For the heteroskedasticity test, we used the Breusch–Pagan/Cook–Weisberg test. The results show a p-value of 0.7879 > 0.05; so the original hypothesis (Ho: constant variance) is not rejected, indicating that there is no heteroskedasticity problem in the data.
For the autocorrelation test, we used the lagrange multiplier test (LM test) for autocorrelation in panel data, and the result shows that the p-value is 0.0963 > 0.05; so the original hypothesis of the LM test (Ho: no autocorrelation) is not rejected, indicating that there is no autocorrelation problem in the data. Also, it shows that the OLS model is more appropriate for the sample data than the random effects model.
For the covariance test, to ensure that multicollinearity did not affect the results, we calculated variance inflation factors (VIFs). The results showed that the VIFs for all variables were below 6.03 (mean = 3.01), well below the generally accepted threshold of 10.0. We also tested, as seen in Table 2, the correlation coefficients between the variables, which were mostly less than 0.70, which is the lowest limit for which multicollinearity is considered possible. This indicates that the covariance problem of the data in this paper is small.
Using the above four tests, we believe that our data meet the basic conditions of OLS regression. Therefore, we choose the mixed-effects model, i.e., the POLS model.
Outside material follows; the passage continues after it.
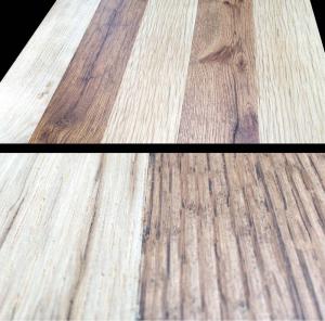 Maringer notes that oak is the best for flooring as it stands up well. However, old pine is better for flooring than new pine, which is even softer. He describes the color of pine beams as honey color brown when lightly sanded. Reclaimed oak is typically a chocolate brown color. While pine beams and boards can have a 2 to 4 week lead time, the less common oak is special order only.

4.4.2. Descriptive Statistics

Descriptive statistical studies were performed on the variables to ensure that multicollinearity did not alter the results. The results show that the maximum correlation coefficient between all variables is 0.592, which is less than 0.70, which is the minimum required to show likely multicollinearity. Table 2 displays the statistical information for the specified sample.
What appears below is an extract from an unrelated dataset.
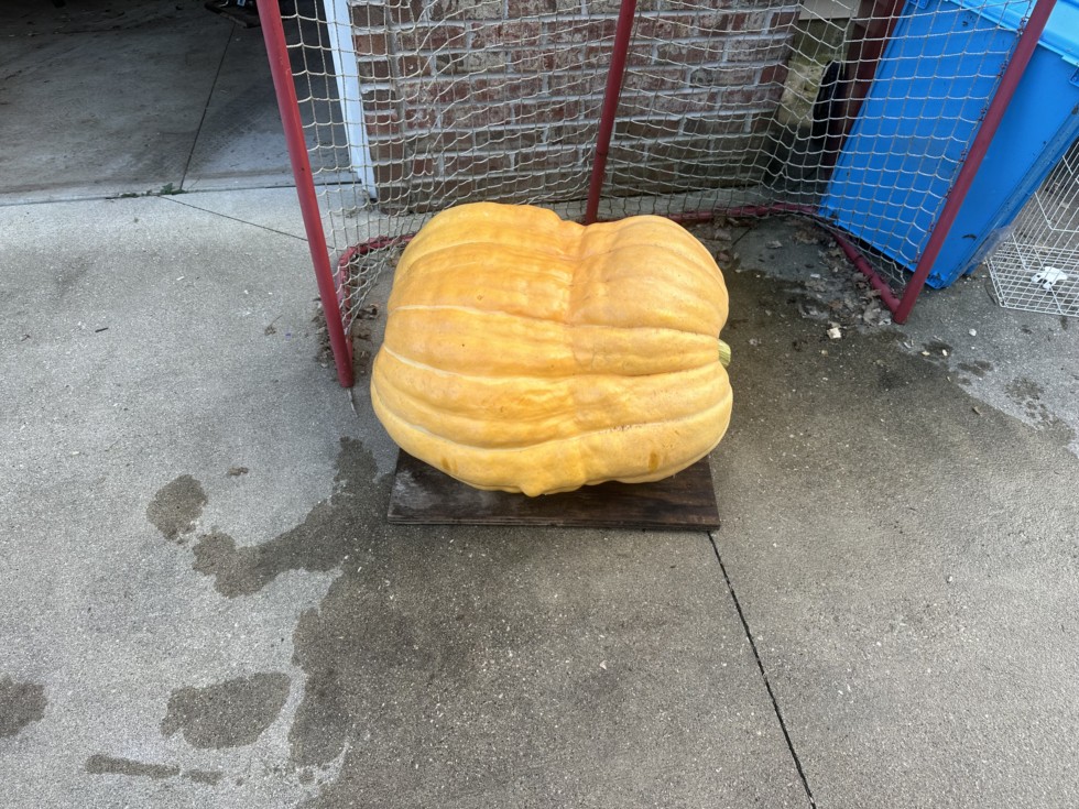This is my 2222 Gienger X 2560 Gienger that I pulled the plant because of two huge splits in the main vine(both were my fault). I do have another pumpkin currently on there that is crossed with my Sperry

4.4.3. Baseline Regression Analysis

To test our research hypotheses, we employed an OLS model. Table 3 displays the OLS regression results of the impact of the digital economy on cultural industry sustainable development. First, Model 1 evaluates the impact of the digital economy on sustainable development in cultural industries without taking into account the control factors; then, in Models 2–7, we incorporated our control variables sequentially, always controlling for variances related to province and time. The findings reveal that with and without controlling variables, the digital economy regularly and positively contributes to sustainable development in cultural business. The findings support our contention that the digital economy can speed the flow of innovative variables such as knowledge, technology, and capital to enhance development in cultural industries, and thus H1 is supported.
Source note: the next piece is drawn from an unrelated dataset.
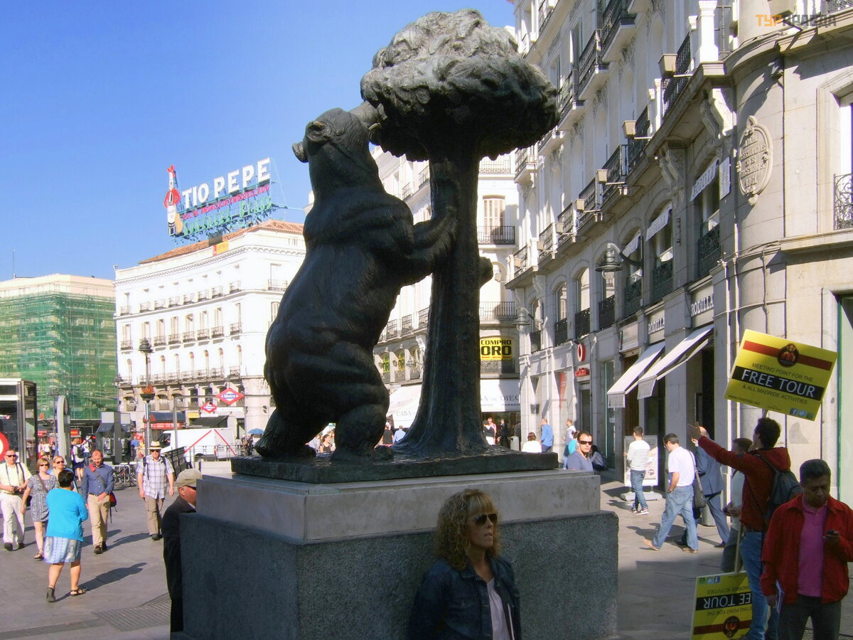Plac Puerto del Sol i symbol miasta Niedź wiedź z drzewem truskawkowym. mał y>

4.4.4. Regression Analysis of Moderating Effects

The regression findings for the moderating effect of government support on the influence of the digital economy and the level of development in cultural industries are shown in Table 4. Model 1 contains only the results of the baseline model with the control variables. In Model 2, we include the control variable, the independent variable, and the digital economy. In Model 3, we add the control variable, the independent variable, the digital economy, the moderator variable government support, and the interaction term between the independent variable and the moderator variable to test the moderating effect of government support in the process of sustainable development of the cultural industry influenced by the digital economy. Model 3 reveals that the coefficient of DIG∗GOV is 0.102, indicating that the promotion effect of the digital economy on development in the cultural industry is further enhanced by strong government policy support, i.e., government support plays a positive moderating role in the relationship between the digital economy and the level of development in the cultural industry. Hypothesis two was supported.

4.4.5. Robustness Regression Results

To ensure the reliability of the estimation results, this paper changes the measurement of the dependent variable. This paper uses the total output of cultural industries per capita (the ratio of the total output of local cultural industries to the number of the population in that year) to measure the development of cultural industries in each province as the explanatory variable in the empirical analysis. The data are calculated based on relevant data from the China Culture and Cultural Relics Statistical Yearbook and the China Statistical Yearbook. Table 5 and Table 6 show the regression results of the robustness tests. Table 5 shows the impact of the digital economy on the sustainability of the cultural industry. As can be seen in Table 5, the DIG coefficient is 0.279, indicating that the digital economy has a positive and significant impact on the sustainable development of the cultural industry. Hypothesis one is again validated.
Table 6 shows the moderating effect of government support on the digital economy affecting the sustainable development of the cultural industry. As can be seen in Table 6, the DIG × GOV coefficient is 2.438, indicating that the promotion effect of the digital economy on the development of the cultural industry is further enhanced by the strong support of government policies, i.e., government support plays a positive moderating role in the relationship between the digital economy and the development level of the cultural industry. Hypothesis two is again validated.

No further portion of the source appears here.